# Colubrids > General Colubrids >  day old chicks for corns and kings?

## Bruce Whitehead

I have 5 colubrids, and was recently offered a trade of day old chicks for a BP hatchling that I have for sale.

I am one of those carmudgeons that does not like switching up BP prey, but I know my colubrids are garbage disposals and I assume they would feed on them if given the chance.

Has anyone had success feeding colubrids chicks before and do they take them with consistency?

I checked out the nutritional comparison chart at Rodentpro.com and other than being lower in ash, they are quite similar to an adult mouse nutrition wise (and yes, I know there are not studies specific to colubrids and what they require).

Any feedback appreciated. 

Bruce

----------


## dr del

Hi,

I've fed a couple of spare chicks to the corn snakes over the years.

The main problem I found was the sheer size of the chicks across the hips compared to a corn's head.

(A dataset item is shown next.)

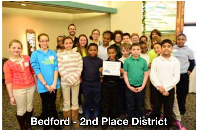
Bedford - 2nd Place District
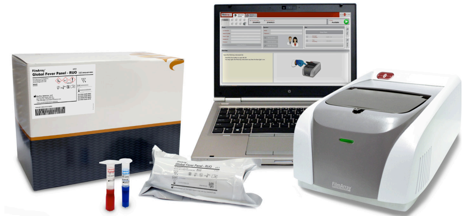
FilmArray Global Fever Panel - RUO with BioFire FilmArray® 2.0 System

Leishmania spp. Plasmodium spp. P. falciparum P. vivax/ovale

They managed to eat them but I was always nervous about it.  :Embarassed: 

My BP's however really seem to like chicks - I just never wanted to make it a big part of their diet.


dr del

----------


## wilomn

I fed chicks to corns and kings for years. They were never the only food, there were always rodents as well, but I would go three or four months and feed them heavily.

----------


## Bruce Whitehead

I guess that is one of the concerns, is that I would be getting cash plus 500 chicks... I worry about being able to use that many in that time frame before they go bad.

I know they are 20-30g, but I assumed it would be a rounder prey vs the nice sleek rat sausage they are currently getting.

Thanks for the responses. Always appreciate it.

Bruce

----------


## RichardA

People order frozen prey by the hundreds all the time. You will go through them a lot quicker then you think as well. They are a good switch up food item, even more so for corns and other rat snakes.

----------